Acetaldehyde treatment of CA I, II, III, VII, and XIII

Human recombinant cytosolic CA enzymes were treated with various concentrations of acetaldehyde either in the presence or absence of the reducing agent, NaBH3(CN). The experiments for CA II have been described in our recent work.Citation40 To minimize the evaporation of acetaldehyde, all reagents were kept on ice or at 4°C and pipetting was performed at 4°C. The sample tubes containing CA enzymes, with or without acetaldehyde, were tightly sealed and incubated at 37°C for 2 h. Then, either 10 mM NaBH3(CN) (for reducing conditions) or equal volume of H2O (for non-reducing conditions) was added to each sample tube and incubated at 37°C for 22 h. After the incubation, the samples were quickly cooled down to 4°C.

Mass spectrometry

For mass spectrometry, protein samples were desalted as previously described.Citation27 For the desalted samples, protein concentrations were determined by absorbance at 280 nm using sequence-derived extinction coefficients. All experiments were performed on a 4.7-T Bruker APEX-Qe FT-ICR mass spectrometer (Bruker Daltonics), which was interfaced to an external Apollo-II ESI source. Protein samples were directly infused at a flow rate of 1.5 μL/min. ESI-generated ions were externally accumulated in an RF-hexapole ion trap for 500 ms and transmitted through a high-voltage ion optics region to an Infinity ICR cell for ‘sidekick’ trapping, conventional ‘RF-chirp’ excitation and broadband detection. For each spectrum, a total of 128–1000 co-added (512-kWord) time-domain transients were zero-filled once, prior to fast Fourier transformation and magnitude calculation. Frequency-to-m/z calibration was performed externally with respect to the ions of an ES Tuning Mix (Agilent Technologies, Santa Clara, CA) calibration mixture. All data were processed and analysed using Bruker XMASS version 7.0.8 software.

CA activity measurement

An Applied Photophysics stopped-flow instrument was used to assay CA-catalysed CO2 hydration activity.Citation41 Reactions were measured using 0.2 mM phenol red (Absmax at 557 nm) as the indicator, in 10 mM HEPES, 0.1 M Na2SO4, pH 7.5, for a period of 10–100 s. To determine the kinetic parameters and inhibition constants, the CO2 concentration ranged from 1.7 to 17 mM. For the inhibitor assay, at least six traces of the initial reaction were used for determining the initial velocity, which were subtracted from the uncatalysed reaction. A stock solution of 1 mM acetazolamide in 10–20% (v/v) dimethyl sulphoxide (DMSO) was used to prepare dilutions up to 0.01 nM. Inhibitor and enzyme solutions were pre-incubated prior to inhibition measurements for 15 min at 25°C to form the enzyme–inhibitor complex. Inhibition constants were obtained using the non-linear least-squares methods using PRISM 3 and represent the mean from at least three different determinations, whereas kinetic parameters were obtained from Lineweaver–Burk plots, as reported earlier.

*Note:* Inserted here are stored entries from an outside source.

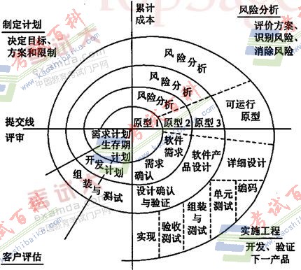 螺旋模型将瀑布和快速原型模型结合起来,强调了其他模型所忽视的风险分析,特别适用于大型复杂系统。螺旋模型的基本思想是,使用原型及其他方法来尽量降低风险。螺旋模型可理解为在每个阶段之前都增加了风险分析过程的快速原型模型。螺旋模型强调四个方面的活动:制定计划、风险分析。实施工程和客户评估。
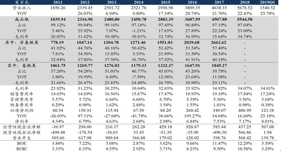 短期来看,文化纸价格上扬、纸浆价格持续走弱,利好公司Q2单吨盈利向上;同时公司老挝40万吨再生浆板项目已于5月下旬试生产,预计7月满产供应邹城箱板纸项目,产业链配套持续完善;20万吨本色高得率生物质纤维项目将于19年四季度初投产,自给率有望进一步提升(18年为40-50%),巩固成本优势;看好公司全年业绩逐季向上!长期来看,太阳纸业是造纸板块中前瞻布局的核心资产,具有自下而上领跑于行业的优秀潜质,其护城河除了依赖于专注主业和精细运营的优秀管理层外,产业布局在纸种多元化、上游原料自给、海外赛道抢跑等三个维度也领先同行。本周公司公告拟投资5亿建设广西林浆纸一体化项目,巩固长期成长。我们认为,本轮产业链利润持续上移的过程中,太阳纸业最为利好,当前估值处于底部,重点推荐!
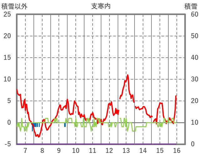 | 日 | 時 | 気温 | 降水 | 風向/風速 | 日照 | 積雪 | 降雪 |
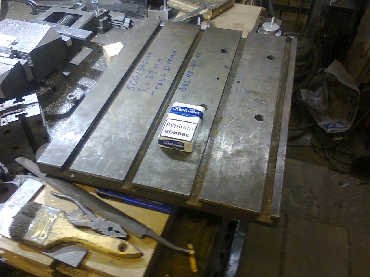 Снова я со своими безумными идеями. Есть кое-какие подвижки, посему можно продолжить. Подшаманил кой-чего у станка в Солиде, но на данный момент это не принципиально. Собственно, весь вопрос продолжения проектирования застопорился из-за стальных переходных плит 500х100, которые должны установиться направляющие шпиндельной бабки. В одном месте хорошие люди промуфлонили мне почти три недели, но таки металл отрезали. По металлу сознательно остановился на Ст3, т.к. она вязкая и пластичная. Учитывая, что наращиваться будет чугунная станина, материалы по свойствам приблизительно одинаковые. Даже если металл со временем захочет деформироваться, то он не покрутит мне станину, во всяком случае это я так себе предполагаю. Вот такие вот славные железяки вышли, две плиты 150х400 под крепежи двигателей, и две 500х100 под подкладки направляющих. Толщина всех железок 30мм.
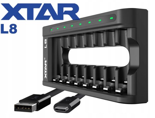 Xtar L8 posiada osiem niezależnych gniazd, co umożliwia jednoczesne ładowanie od 1 do 8 akumulatorów. To doskonałe rozwiązanie dla osób, które potrzebują ładować wiele akumulatorów równocześnie, co znacząco zwiększa efektywność pracy w biurze.
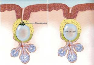 Sono dovute ad un ostruzione del dotto escretore con conseguente accumulo di muco a monte dell ostruzione. Le sedi più colpite sono il lobo superficiale della parotide e le ghiandole salivari palatine e la maggiore insorgenza è oltre i 30-40 anni.
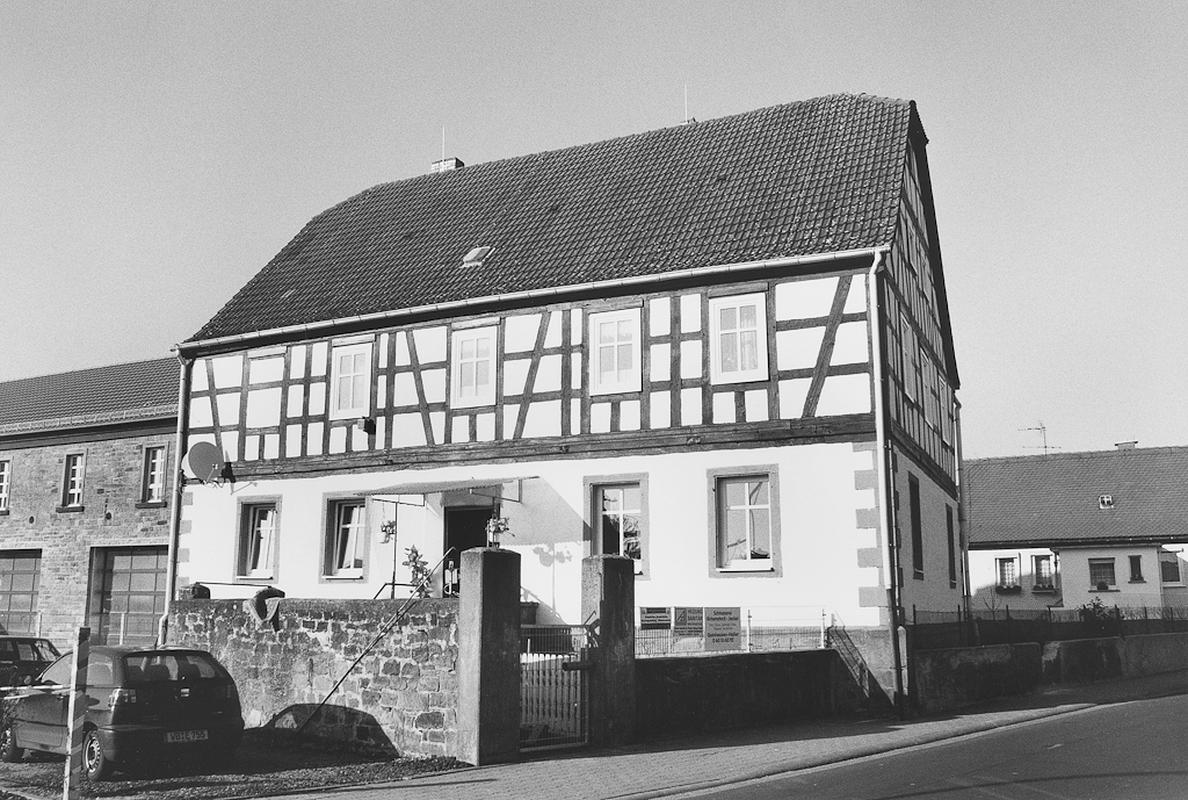 Stattliches, giebelständiges Wohnhaus des herrschaftlichen Hofguts der Grafen von Ysenburg aus dem späten 18. Jahrhundert. Auf Keller aus Sandsteinquadern ein massives, verputztes Erdgeschoss mit Eckquaderung, Tür- und Fenstergewänden in Werkstein, Obergeschoss und Giebel in schlichtem Sichtfachwerk mit hohem Diagonalstreben und Kopfecklättern am Straßengiebel, Krüppelwalmdach mit Aufschiebling.

Detection of autoantibodies against CA enzymes

Serum samples for autoantibody assays were obtained from abstainers (n = 16, including 10 men, 6 women, mean age 44 ± 9 years) and alcoholic subjects (n = 32, including 28 men, 4 women, mean age 46 ± 10 years). The alcoholic patients were all subjects who had been consecutively admitted for detoxification with a history of continuous ethanol consumption or binge drinking, characterized by consumption of over 80 g/day during the 4 week-period prior to sampling. All participants gave their informed consent, ethical permission was obtained from the Ethics Committee of the EP Central Hospital, and the study was conducted according to the provisions of the Declaration of Helsinki.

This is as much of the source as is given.